Si l'existence de saint Émiland est attestée, quelle fut l'époque de son épiscopat? Elle ne peut être fixée après l'année 725, car l'histoire nous apprend que la ville d'Autun fut prise et ruinée par les Sarrazins, dans le cours de cette même année. C'est donc sous Charles-Martel et non sous Charlemagne, ainsi que quelques savants l'ont prétendu, qu'Émilien fut évêque de Nantes. Ses exploits précèdent de quelques années la célèbre bataille de Poitiers.

Une question grave se présente : Émilien aurait-il été un de ces évêques laïques constitués par Charles-Martel dans les Gaules, à l'époque où cet illustre maire du palais récompensait ses capitaines en leur conférant des bénéfices ecclésiastiques?

Les documents attestent qu'Émilien fut un évêque constitué canoniquement par l'élection du peuple et du clergé.

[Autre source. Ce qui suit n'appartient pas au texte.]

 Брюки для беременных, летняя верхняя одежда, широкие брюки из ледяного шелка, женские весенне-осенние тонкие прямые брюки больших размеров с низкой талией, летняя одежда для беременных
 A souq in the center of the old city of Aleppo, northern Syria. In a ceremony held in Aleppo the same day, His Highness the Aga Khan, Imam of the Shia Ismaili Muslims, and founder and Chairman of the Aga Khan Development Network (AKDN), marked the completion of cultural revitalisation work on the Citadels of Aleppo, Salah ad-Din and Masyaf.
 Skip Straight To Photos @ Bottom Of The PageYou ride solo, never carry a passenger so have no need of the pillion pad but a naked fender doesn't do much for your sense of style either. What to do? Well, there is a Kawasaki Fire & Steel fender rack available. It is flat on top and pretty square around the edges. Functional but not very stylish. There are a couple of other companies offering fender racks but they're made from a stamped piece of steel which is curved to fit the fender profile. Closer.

Ils nous le représentent s'occupant des fonctions épiscopales avant son départ pour Autun, prêchant la croisade dans la cathédrale, donnant la communion à ses compagnons, et assisté par le comte de son pays. Enfin, il est toujours désigné par les titres d'episcopus, antistes, pontifex. Ainsi, Émilien était un évêque véritable: les textes ne permettent pas le doute à ce sujet. Il résulte, en outre, du travail de M. Cahour que saint Émilien était évêque de Nantes.

Peut-être avait-il été marié avant d'être élevé à l'épiscopat;

cette circonstance n'était pas rare dans les siècles primitifs de l'Église. Le courage militaire du pontife semblerait même établir qu'il avait vécu dans le monde, avant de se vouer au service des autels.

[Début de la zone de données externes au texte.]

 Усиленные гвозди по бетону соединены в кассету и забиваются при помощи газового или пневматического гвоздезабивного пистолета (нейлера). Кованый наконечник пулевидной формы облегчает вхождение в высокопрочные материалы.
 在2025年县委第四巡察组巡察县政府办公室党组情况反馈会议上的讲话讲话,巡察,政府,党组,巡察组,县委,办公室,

Le mémoire établit, en outre, qu'Émilien était d'origine armoricaine, et il conclut en exprimant le vœu que son nom soit inscrit sur le catalogue des évêques de Nantes.

Ce remarquable travail, écouté avec une attention soutenue, est accueilli par de vifs applaudissements.

M. de Caumont prie M. l'abbé Cahour de déposer son manuscrit, afin qu'il soit publié dans le Bulletin du Congrès.

M. l'abbé Cahour répond qu'ayant élaboré ce mémoire comme membre d'une commission liturgique, il ne peut s'en dessaisir sans l'autorisation de Mgr. l'Évêque de Nantes; et que, dans le cas où cette autorisation serait accordée, il devrait encore demander celle des savants avec qui il a correspondu et dont il invoque le témoignage.

M. Blanchard donne quelques renseignements sur la chapelle dédiée à saint Émiland, dans l'église paroissiale de cette localité, et sur le petit oratoire élevé au milieu du cimetière. Ces monuments ne paraissent pas antérieurs au XVI. siècle. L'église paroissiale possède quelques restes d'un édifice roman du XII. siècle; mais alors elle était dédiée à saint Jean-Baptiste.

Il reconnaît que les reliques de saint Émiland sont toujours l'objet d'une grande vénération dans le pays; mais il regrette que les écrits invoqués ne remontent pas au-delà du XVI®.siècle.

La sixième question du programme est ensuite mise à l'ordre du jour. Elle est ainsi conçue :

Décrire les diverses espèces de fortifications en terre (buttes, enceintes, lignes de retranchements) qu'on rencontre dans nos pays, en indiquant les époques où elles ont

été construites. Rechercher, en particulier, s'il faut rapporter à l'époque romaine ou au moyen-âge les buttes artificielles, ceintes d'un fossé ou couvertes d'une enceinte retranchée, et connues assez généralement sous le nom de

moltes.

M. de Keranflech soumet à l'Assemblée des plans et des coupes de camps et de mottes situés en Bretagne. Ces plans, examinés avec attention, deviennent un préliminaire utile à la discussion qui doit suivre.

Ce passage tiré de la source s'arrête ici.